2.5 GlobalBarrierWorker.run
rust
/// Start an infinite loop to take scheduled barriers and send them.
async fn run(mut self, shutdown_rx: Receiver<()>) {
tracing::info!(
"Starting barrier manager with: enable_recovery={}, in_flight_barrier_nums={}",
self.enable_recovery,
self.in_flight_barrier_nums,
);
if !self.enable_recovery {
let job_exist = self
.context
.metadata_manager
.catalog_controller
.has_any_streaming_jobs()
.await
.unwrap();
if job_exist {
panic!(
"Some streaming jobs already exist in meta, please start with recovery enabled \
or clean up the metadata using `./risedev clean-data`"
);
}
}
{
// Bootstrap recovery.
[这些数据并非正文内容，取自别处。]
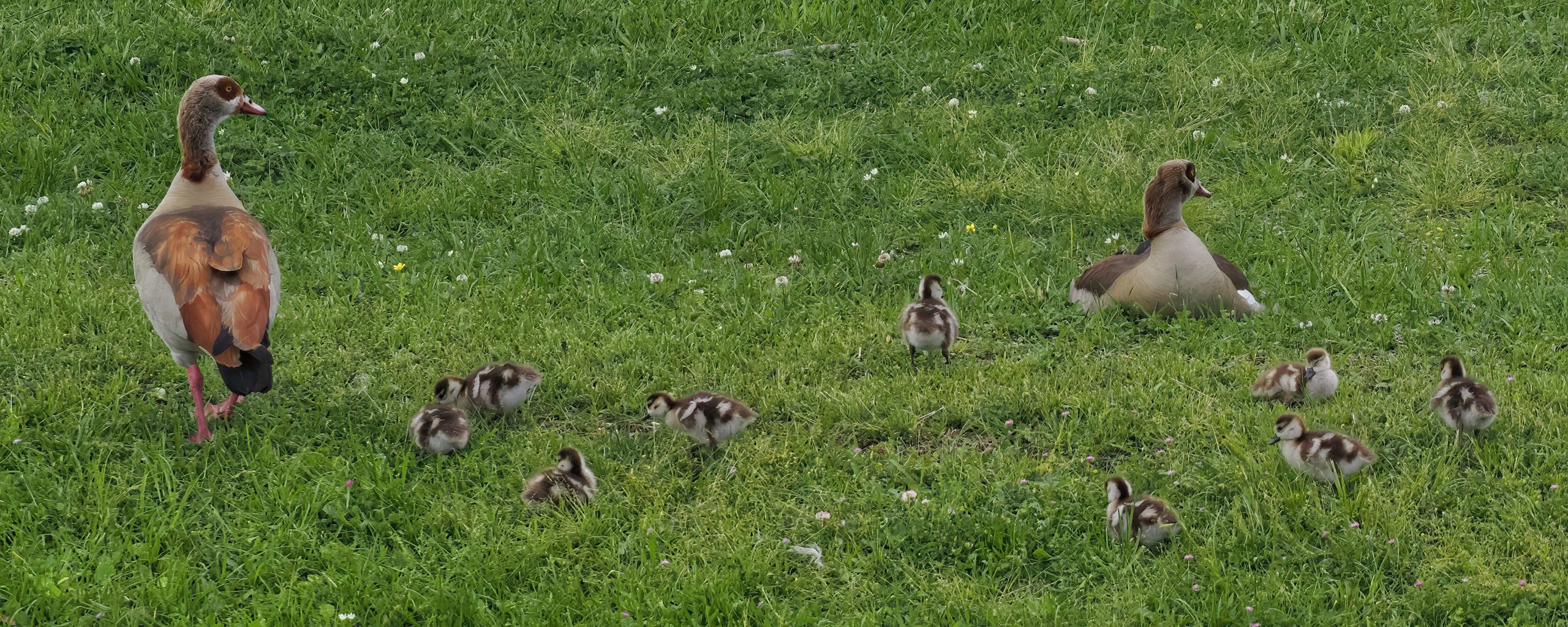 Mom and Dad Egyptian Geese and their nine (surviving) goslings, who seem to dine contentedly on whatever is in the grass. Resoft County Park, Alvin, Texas.
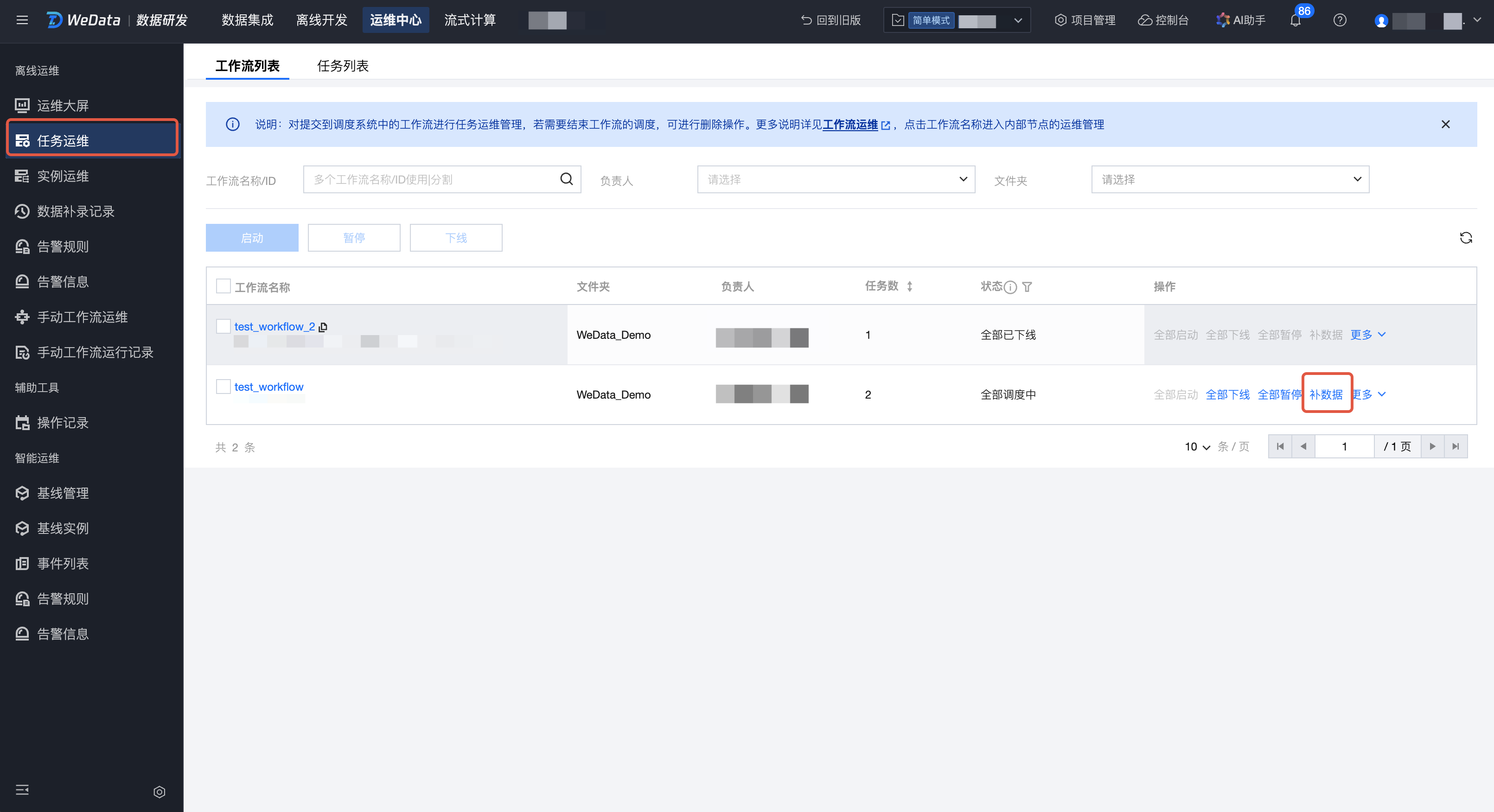 补录类型 | 任务补录:在任务列表执行补数据后默认选中,对选中任务作为候选。 工作流补录:在工作流列表执行补数据后默认选中,对选中工作流内任务作为候选。 文件夹补录:对编排空间中的文件夹内所有工作流内的任务作为候选。 项目补录:将当前项目下的所有任务作为候选。 |
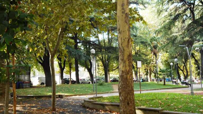 Der größte Platz der Stadt liegt am östlichen Rand der Altstadt und grenzt an den Letimbro, der in Savona ins Ligurische Meer mündet. Der Platz hat einen alten Baumbestand, im Sommer gibt es Gelegenheit für ein Verweilen auf einer schattigen Bank. Ganz in der Nähe, zwischen dem südlichen Rand des Platzes und dem Fluss steht ein futuristischer Palast - das ist das neue Gerichtsgebäude.

Here we simply trigger a recovery process to achieve the
// consistency.
// Even if there's no actor to recover, we still go through the recovery process to
// inject the first `Initial` barrier.
let span = tracing::info_span!("bootstrap_recovery");
crate::telemetry::report_event(
risingwave_pb::telemetry::TelemetryEventStage::Recovery,
"normal_recovery",
0,
None,
None,
None,
);
let paused = self.take_pause_on_bootstrap().await.unwrap_or(false);
let paused_reason = paused.then_some(PausedReason::Manual);
self.recovery(paused_reason, None, RecoveryReason::Bootstrap)
.instrument(span)
.await;
}
self.run_inner(shutdown_rx).await
}
}
在这里我们看到GlobalBarrierManager和GlobalBarrierWorker是怎么建立起联系的,就是通过let (request_tx, request_rx) = unbounded_channel();
的一对channel来做的,一个在上面发号施令,一个在下面猛猛干活。